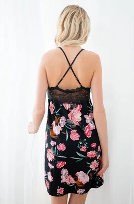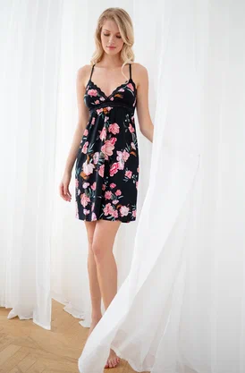 Сорочка выполнена из бамбука и хлопка, черного цвета с цветочным принтом, с треугольными чашками без косточек и без Push-up, с кружевным обрамлением по верху, на тонких регулируемых бретелях, облегающая по фигуре.Состав: 66,5% Бамбук 28,5% Хлопок 5% Эластан
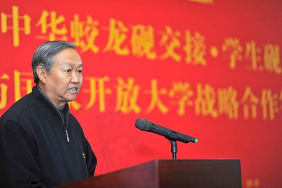 中硯聯(lián)常務(wù)副會(huì)長(zhǎng)張補(bǔ)旺少將在蛟龍硯捐贈(zèng)儀式上致辭
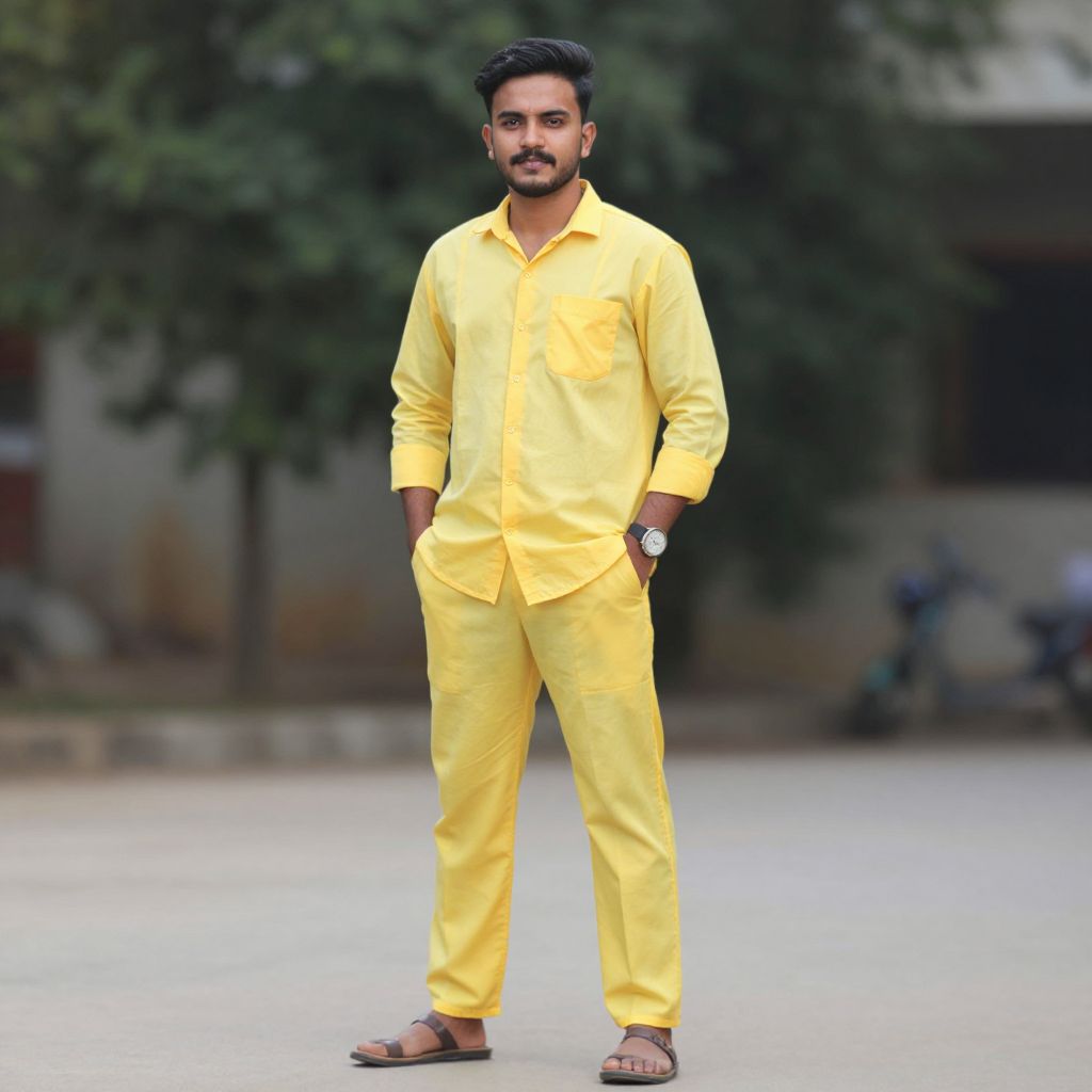 Yellow shirt costume, male focus, 1boy, shirt, outdoors, facial hair, pants, hands in pockets, shoes, blurry, watch, full body, collared shirt, blurry background, wristwatch, looking at viewer, day, mustache, standing, solo
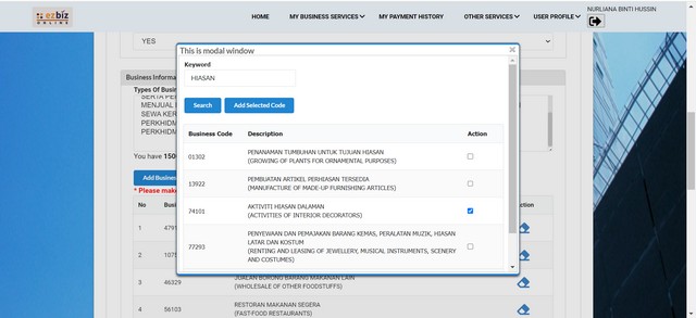 Puan Nurliana juga perlu menjalani sesi janji temu menggunakan panggilan video secara Whatsapp dengan perlu mengemukakan butiran peribadi seperti kad pengenalan dan nama emel. Setelah selesai menjalani panggilan video janji temu, maka Puan Nurliana telah mendaftarkan perniagaan beliau menggunakan nama NH DKampung Enterprise di portal Ezbiz. Pendaftaran ini berlangsung selama satu jam bermula jam 11.00 dan berakhir pada jam 12.00 tengah hari.
- - -
→ **PROBLEM TO WORK ON**
Wording must stay exact. Give again the lines from the line with "Yellow shirt costume, male" through the last line of the listing, both ends included, without pictures.

→ **ANSWER FOR THIS EXERCISE**
 Yellow shirt costume, male focus, 1boy, shirt, outdoors, facial hair, pants, hands in pockets, shoes, blurry, watch, full body, collared shirt, blurry background, wristwatch, looking at viewer, day, mustache, standing, solo
 Puan Nurliana juga perlu menjalani sesi janji temu menggunakan panggilan video secara Whatsapp dengan perlu mengemukakan butiran peribadi seperti kad pengenalan dan nama emel. Setelah selesai menjalani panggilan video janji temu, maka Puan Nurliana telah mendaftarkan perniagaan beliau menggunakan nama NH DKampung Enterprise di portal Ezbiz. Pendaftaran ini berlangsung selama satu jam bermula jam 11.00 dan berakhir pada jam 12.00 tengah hari.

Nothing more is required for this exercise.